Марио говорил совершенно серьезно, но Эммануэль рассмеялась. Марио решил уточнить.

– Разумеется, не надо придавать буквальный смысл словам «в объятиях». Здесь, учтите это, мы имеем в виду не только руки ваши или руки другого, но и зрение его и слух, если он, скажем, находится за дверью или на другом конце телефонного провода; даже его образ в глубине вашей души. Но не будем дальше блуждать в терминологии…

– Одну минутку. Может быть, «искусство любить» будет более изящным, чем «искусство наслаждаться»?

– Более изящным, без сомнения, но менее точным. Хорошо, вы уговорили меня на «искусство», а я уступаю вам «наслаждение», и не будем больше возвращаться на эту тропу. Чтобы любить, надо быть, по крайней мере, вдвоем, а наслаждаться можно и в одиночестве.
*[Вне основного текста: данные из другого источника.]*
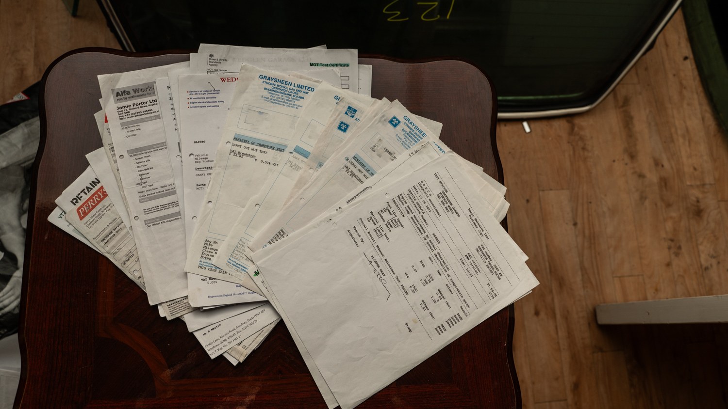 - Old servicing invoice from Perrys and independent specialist Alfa Workshop/Jamie Porter Ltd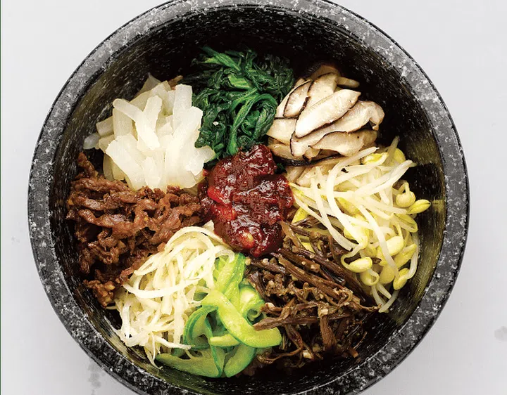 Bibimbap served in a sizzling hot stone pot. The crispy rice at the bottom, mixed with various toppings and gochu-jang sauce, remains piping hot until the end of the meal.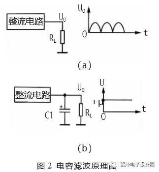 根據(jù)以上的分析,由于單向脈動(dòng)性直流電壓可分 解成交流和直流兩部分。在電源電路的濾波電路中,利 用電容器的“隔直通交”的特性和儲(chǔ)能特性,或者利用 電感“隔交通直”的特性可以濾除電壓中的交流成分。 圖 2 所示是電容濾波原理圖。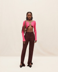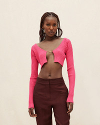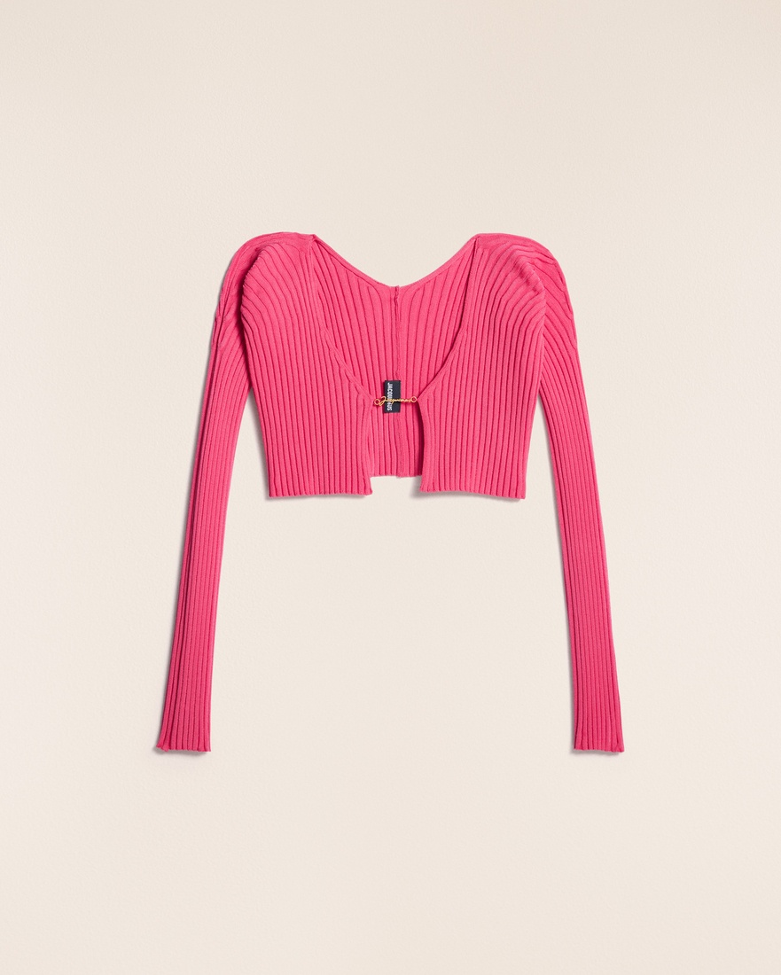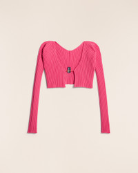 LE SPLASH Micro charm logo cardigan - Micro length with long sleeves - Rib knit - Sewn gold metal charm logo 81% Viscose - 12% Polyamide/Nylon - 4% Elastane - 3% Polyester Made in Portugal Ref.213KN108-2190-430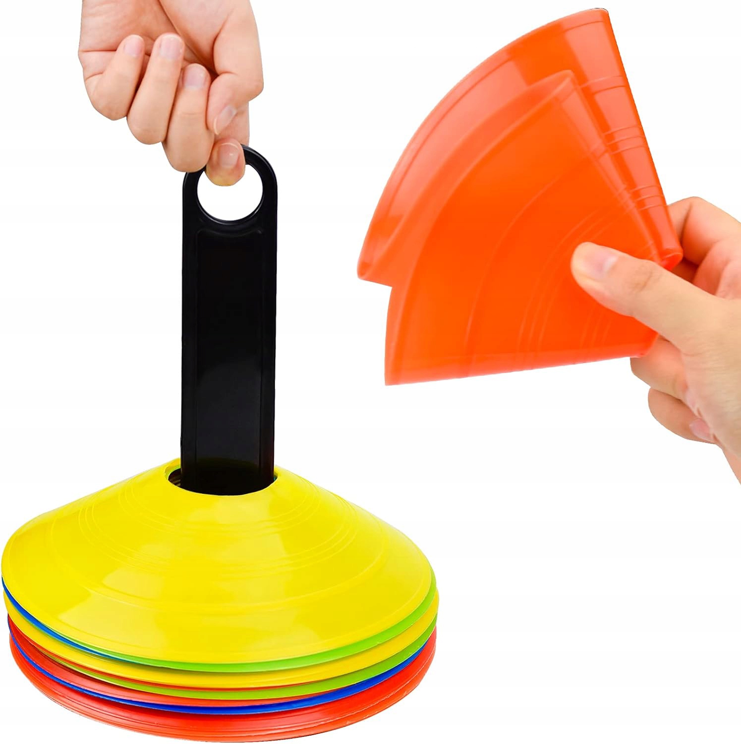 ⚽ 【Удобное хранение】 Благодаря стойке для хранения комплект маркировочных колпачков можно складывать на стойку, его легко хранить и использовать, он легкий и удобный в переноске.
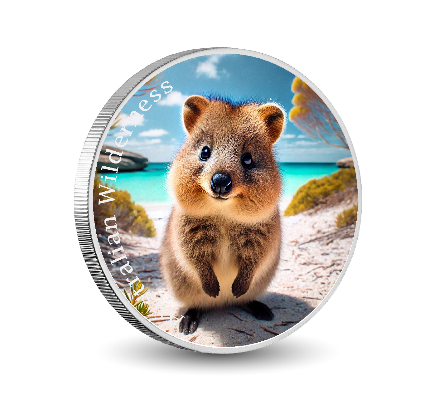 Featuring an adorable quokka perched on a pristine sandy beach, with turquoise waters and rocky islands as the backdrop, this coin radiates joy and warmth. The cheerful expression and fluffy round face of the quokka make it an irresistible symbol of friendship and happiness. The vibrant scenery showcases the breathtaking beauty of Rottnest Island, immersing you in the splendor of Australia’s unique wildlife and landscape.

– Еще бы, – откликнулась Эммануэль.

– И даже надо наслаждаться в одиночестве, – присовокупил Марио. – Царство эротизма закрыто для того, кто не знает, как наполнить свое одиночество. – И тут же спросил:

– Вы умеете заниматься любовью в одиночестве?

Она утвердительно кивнула головой. Марио не унимался:

– И вам это нравится?

– О да! Очень.

– И часто вы это делаете?

– Очень часто.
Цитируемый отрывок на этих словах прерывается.